This approach is a natural extension of the systemd configuration approach. All config (service files, daemon config, system settings) is simple text files in the appropriate locations in the filesystem. This means that “configuring things” is just dropping simple text files into the right place. Declarative, legible, extensible. In fact, to make this easier, all systemd tools support --root=/our/temporary/directory, to operate on any image from the outside. (Or --image=… to operate on a disk image.)

A tool that nicely implements this philosophy is mkosi, but a similar approach is used by KIWI NG. Various Fedora image builds have been switching to kiwi.

What are the benefits:

  1. The image contents are tailored to its purpose, no extra tools, no cleanups necessary, no leftovers possible.
  2. The user operates at a higher conceptual level, essentially giving a list of features, and the tools handle the annoying details.
  3. No privileges or special locations are necessary. We just copy files to and from a temporary directory, blit some bytes from one file to another. We can run this as a normal unprivileged user, or in a container, or as part of some build pipeline with identical results.
  4. Things are fast. Since we’re just copying bits, we can use reflinks for avoid actually moving any data. Things may become even faster with RPM zero-copy installations in the future.
  5. In general the “image builder” is simple and dumb: it gathers a list of rpms/groups to install, and passes it off to dnf/apt/zypper/pacman/…, then passes the temporary work dir to mkfs or systemd-repart. No rocket science.
  6. We get easy portability between distributions and architectures. Package naming and splitting differs between distros, so we need to conditionalize that part, but most of the config can be shared.
  7. Everything is “local”, so the test build on a laptop and the official build in the cloud are equivalent.
  8. Debugging is easy. Since we are just calling well-established tools, we can take any part of that pipeline and run it interactively.

Building rpms

OK, I was going on and on about how to build things from rpms. How are the rpms theselves produced? Is the build process declarative, from the outside, minimalistic? The answer is … complicated. Let’s consider some properties:

  1. rpm builds use a temporary build directory and a temporary install root, confusingly called %buildroot. The tools to operate on both of those subhierarchies come from the outside, the “host system” (nowadays usually a container created for the build). So we are pretty close. Things can get confusing for example with tests, which sometimes need to access files in the %buildroot, but for a majority of packages the separation is maintained.

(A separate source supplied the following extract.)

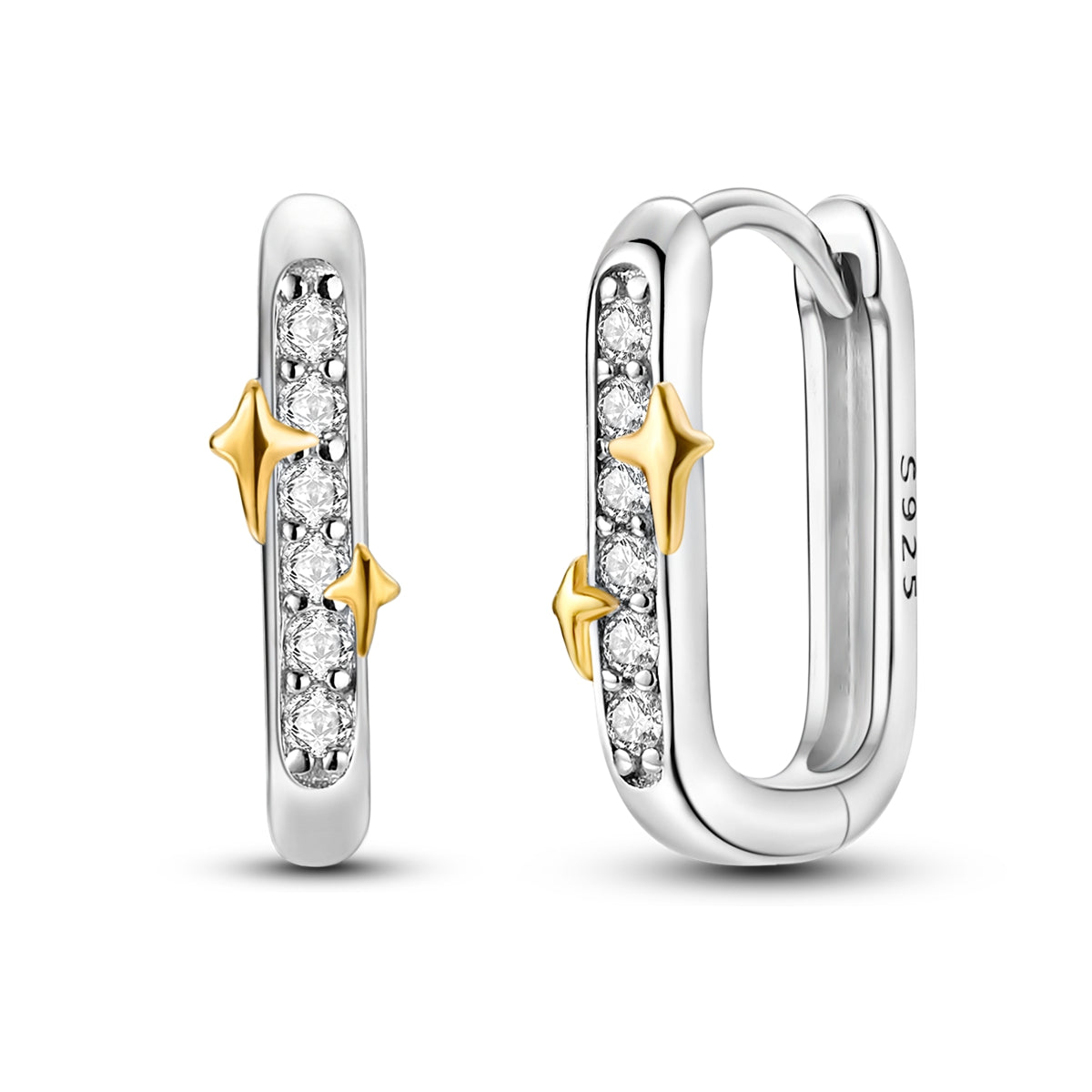 Parlak taşlarla çevrelenen zarif form, altın tonlu yıldız detaylarıyla yumuşak bir ışıltı kazanır. Günlük kombinlere eşlik edecek kadar sade, tek başına fark yaratacak kadar dikkat çekici bir tasarımdır. 925 ayar gümüşten üretilmiştir.

    In fact, the confusing naming points to the evolution that happened. In prehistoric times, rpms would be built by installing files onto a running system and then carefully picking them out. Until this day rpm tools start with a check whether %buildroot is empty or /, just in case we went back to 1995 or so.
  2. rpm spec files are … complicated. A macro language with a complicated syntax and a minefield of caveats. But modern builds are ever more declarative. With rpm declarative build systems, we may have spec files where the Name, Version, License, and %description are the majority of the file, and the rest is some just easy boilerplate.
  3. rpm spec files used to do a lot of “heavy lifting”, listing build and runtime dependencies in detail, with %build and %install sections taking hundreds of lines. But now we’re offloading most of that work to language-specific build systems. We have dynamic build requirements, where the build system calls cargo or pip to spit out a list of build dependencies based on the declarative configuration provided by upstream. We use the likes of %meson_build and %cargo_install to do the complicated parts.

    (Yes, most rpm spec files are far from this ideal. But maintaining backward compatibility is a feature, not a bug. We can and should move things towards the simpler, more declarative, templates in the future, but some tools still need to improve to make this smooth and successful. But I think rpm builds will have a bright future where we’ll be able to consistently and easily convert Python wheels, Rust crates, and other upstream packaging formats into rpms, with automatic handling of versioned depedencies and other metadata. And then those rpms can be used as a common intermediate delivery format of software.)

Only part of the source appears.